The U-haul door shut with a creak; all our worldly possessions were inside. The gaudy peach hand-me-down couch, the scrappy coffee table that had been colored with crayons and lacquered to perfection, the pseudo-water bed with the water weenies that we slung over our shoulders to carry to the truck, and the rabbit hutch.
I said a silent prayer for the hole in the carpet. The one I'd spent hours gluing back together, piece by individual carpet piece. If the repair didn't hold we would lose our security deposit; all the money we had to our name. The money we needed for our move. Mr. Wendall was a costly stray. But how could one say to no to those big rabbit ears and that chocolate chip butt?
The three of us traveled up the I-5; my boyfriend, myself and our strapping mulatto friend, Tom, who'd volunteered to help us move. I don't remember where we put Mr. Wendall. He must've been at my feet. And the bird. Did we still have a bird? Yes. Yes we did. Because our cockatiel didn't die until our honeymoon. So, really, it was the five of us; three humans, a rabbit and a bird; abandoning California and heading for Eugene, Oregon.
I had a degree but no job. My boyfriend had no job and no degree. But he'd been accepted to the University of Oregon; he was 26. A veritable old man off to try his hand at education.
We'd rented a place across from the fairgrounds; in a pepto bismol pink triplex. Our landlord lived in the front unit. He was a runner. Our landlord ran and ran until his toenails turned black and peeled off his feet. I never saw the man in shoes. This barefoot man in the bright pink house also grew roses. He gave me permission to pick them. But only if I agreed to cut the stem just so.
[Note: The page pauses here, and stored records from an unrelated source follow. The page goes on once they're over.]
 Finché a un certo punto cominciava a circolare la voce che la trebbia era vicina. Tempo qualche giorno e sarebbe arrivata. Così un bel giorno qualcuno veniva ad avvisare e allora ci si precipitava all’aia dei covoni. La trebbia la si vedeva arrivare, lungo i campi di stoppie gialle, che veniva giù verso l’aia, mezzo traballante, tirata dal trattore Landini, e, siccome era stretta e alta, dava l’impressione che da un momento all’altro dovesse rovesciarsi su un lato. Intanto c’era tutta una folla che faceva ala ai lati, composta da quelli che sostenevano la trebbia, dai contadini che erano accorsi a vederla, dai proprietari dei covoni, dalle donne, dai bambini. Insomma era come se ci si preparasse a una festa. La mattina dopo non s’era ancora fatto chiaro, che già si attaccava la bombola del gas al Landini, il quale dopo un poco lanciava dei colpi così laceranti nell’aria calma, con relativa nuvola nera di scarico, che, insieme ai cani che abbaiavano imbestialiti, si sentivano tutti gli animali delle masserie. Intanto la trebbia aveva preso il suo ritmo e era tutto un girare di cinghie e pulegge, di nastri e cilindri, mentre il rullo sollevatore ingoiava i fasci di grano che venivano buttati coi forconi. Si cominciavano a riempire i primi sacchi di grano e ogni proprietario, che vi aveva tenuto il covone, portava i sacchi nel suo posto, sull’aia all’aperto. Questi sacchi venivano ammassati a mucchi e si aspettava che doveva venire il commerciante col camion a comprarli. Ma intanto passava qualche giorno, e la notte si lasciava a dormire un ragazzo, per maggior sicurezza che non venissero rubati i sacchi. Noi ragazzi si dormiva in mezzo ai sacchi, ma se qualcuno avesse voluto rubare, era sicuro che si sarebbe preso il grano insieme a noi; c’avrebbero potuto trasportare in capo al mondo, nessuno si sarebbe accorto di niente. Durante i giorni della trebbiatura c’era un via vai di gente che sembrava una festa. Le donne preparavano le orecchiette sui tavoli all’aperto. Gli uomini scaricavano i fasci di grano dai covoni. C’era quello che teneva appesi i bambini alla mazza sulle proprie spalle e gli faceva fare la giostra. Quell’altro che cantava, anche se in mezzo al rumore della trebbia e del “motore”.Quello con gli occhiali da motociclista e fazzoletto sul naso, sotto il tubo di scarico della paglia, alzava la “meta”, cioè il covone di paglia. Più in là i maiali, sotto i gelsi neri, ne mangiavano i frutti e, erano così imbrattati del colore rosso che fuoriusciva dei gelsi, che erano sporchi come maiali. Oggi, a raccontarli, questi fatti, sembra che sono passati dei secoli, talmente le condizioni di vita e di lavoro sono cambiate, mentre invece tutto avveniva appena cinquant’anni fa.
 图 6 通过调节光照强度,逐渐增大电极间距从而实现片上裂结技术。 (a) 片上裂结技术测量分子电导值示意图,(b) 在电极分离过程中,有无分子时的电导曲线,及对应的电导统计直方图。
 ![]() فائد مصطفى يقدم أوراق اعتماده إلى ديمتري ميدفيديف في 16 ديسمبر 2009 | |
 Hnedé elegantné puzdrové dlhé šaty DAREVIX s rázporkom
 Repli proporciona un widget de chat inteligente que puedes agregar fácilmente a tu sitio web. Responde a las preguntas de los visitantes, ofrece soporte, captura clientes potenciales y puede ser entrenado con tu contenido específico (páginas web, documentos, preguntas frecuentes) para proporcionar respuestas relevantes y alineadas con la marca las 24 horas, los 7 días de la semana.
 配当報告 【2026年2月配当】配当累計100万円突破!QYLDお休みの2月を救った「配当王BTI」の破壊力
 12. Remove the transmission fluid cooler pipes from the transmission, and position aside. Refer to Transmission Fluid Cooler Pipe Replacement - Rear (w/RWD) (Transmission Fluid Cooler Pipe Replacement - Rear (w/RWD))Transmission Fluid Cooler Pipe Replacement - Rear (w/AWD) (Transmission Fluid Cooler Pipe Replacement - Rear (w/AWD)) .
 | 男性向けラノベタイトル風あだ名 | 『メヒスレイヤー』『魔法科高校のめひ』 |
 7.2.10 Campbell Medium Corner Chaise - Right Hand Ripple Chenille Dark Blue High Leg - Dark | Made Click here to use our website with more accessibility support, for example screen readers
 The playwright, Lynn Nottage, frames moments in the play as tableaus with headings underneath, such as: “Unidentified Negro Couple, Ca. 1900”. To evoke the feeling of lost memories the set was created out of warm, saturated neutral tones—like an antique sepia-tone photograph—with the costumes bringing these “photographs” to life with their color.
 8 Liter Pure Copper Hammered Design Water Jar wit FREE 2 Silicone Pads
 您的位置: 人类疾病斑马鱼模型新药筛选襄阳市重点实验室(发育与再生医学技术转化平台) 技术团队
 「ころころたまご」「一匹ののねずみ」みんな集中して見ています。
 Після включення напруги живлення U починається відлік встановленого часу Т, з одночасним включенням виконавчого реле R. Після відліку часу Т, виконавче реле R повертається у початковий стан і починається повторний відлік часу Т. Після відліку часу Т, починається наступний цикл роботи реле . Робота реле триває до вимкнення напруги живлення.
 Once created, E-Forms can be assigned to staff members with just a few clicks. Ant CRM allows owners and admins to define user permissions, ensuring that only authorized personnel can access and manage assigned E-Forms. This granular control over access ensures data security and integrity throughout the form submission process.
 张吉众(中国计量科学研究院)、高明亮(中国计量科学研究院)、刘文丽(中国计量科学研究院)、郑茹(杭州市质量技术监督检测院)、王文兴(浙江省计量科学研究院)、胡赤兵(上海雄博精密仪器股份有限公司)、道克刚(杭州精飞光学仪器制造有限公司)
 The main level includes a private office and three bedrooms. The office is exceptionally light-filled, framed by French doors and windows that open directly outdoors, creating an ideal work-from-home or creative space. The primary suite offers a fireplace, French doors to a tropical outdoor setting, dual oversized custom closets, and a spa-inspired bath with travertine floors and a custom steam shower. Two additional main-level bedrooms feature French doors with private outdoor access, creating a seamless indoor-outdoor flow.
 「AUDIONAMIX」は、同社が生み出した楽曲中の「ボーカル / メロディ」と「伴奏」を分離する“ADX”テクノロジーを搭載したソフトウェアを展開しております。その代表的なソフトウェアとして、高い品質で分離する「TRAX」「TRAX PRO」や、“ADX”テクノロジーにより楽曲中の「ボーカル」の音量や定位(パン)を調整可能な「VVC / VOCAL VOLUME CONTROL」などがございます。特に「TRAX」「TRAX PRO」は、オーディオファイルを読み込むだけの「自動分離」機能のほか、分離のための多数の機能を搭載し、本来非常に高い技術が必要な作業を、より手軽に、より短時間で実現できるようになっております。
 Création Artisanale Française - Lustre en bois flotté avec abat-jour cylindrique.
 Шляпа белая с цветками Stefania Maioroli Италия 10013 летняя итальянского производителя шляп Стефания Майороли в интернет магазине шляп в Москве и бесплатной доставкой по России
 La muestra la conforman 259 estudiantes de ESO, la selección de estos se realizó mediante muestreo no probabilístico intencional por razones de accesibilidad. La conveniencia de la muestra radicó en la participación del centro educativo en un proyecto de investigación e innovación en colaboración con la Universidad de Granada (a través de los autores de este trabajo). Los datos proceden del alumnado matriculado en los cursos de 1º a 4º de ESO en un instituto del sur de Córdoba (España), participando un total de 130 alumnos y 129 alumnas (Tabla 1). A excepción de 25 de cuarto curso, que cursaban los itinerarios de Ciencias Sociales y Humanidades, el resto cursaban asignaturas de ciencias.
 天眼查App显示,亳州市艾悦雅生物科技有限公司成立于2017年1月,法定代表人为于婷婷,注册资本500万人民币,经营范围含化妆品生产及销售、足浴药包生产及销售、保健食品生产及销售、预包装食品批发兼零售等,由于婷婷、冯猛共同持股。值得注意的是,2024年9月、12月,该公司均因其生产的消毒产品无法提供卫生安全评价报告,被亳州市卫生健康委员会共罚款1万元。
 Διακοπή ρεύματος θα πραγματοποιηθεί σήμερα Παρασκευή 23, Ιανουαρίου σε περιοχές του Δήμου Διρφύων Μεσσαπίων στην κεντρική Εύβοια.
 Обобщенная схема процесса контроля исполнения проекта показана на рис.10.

I never dared pluck a rose; I was afraid of cutting it wrong. And then the man might come for my toenails. And what would I do then?
The fair came to town the day we moved. Every afternoon thunder storms rolled in; they arrived on cue if they'd checked their watches and consulted their schedules. I stood in the open garage petting the rabbit. The air was ripe with electricity when the storm came and the hair on the back of my neck rose to attention. And the ferris wheel. It kept going. It kept whirling around and around and around; even after being struck. This lightning. Was it a sign? And if so; was it good or bad? I was curious, yes, but not curious enough for a trip to the library (the internet had yet to fall into my pocket). So I called the lightning a sign but did not assign it a polarity. It was what it was.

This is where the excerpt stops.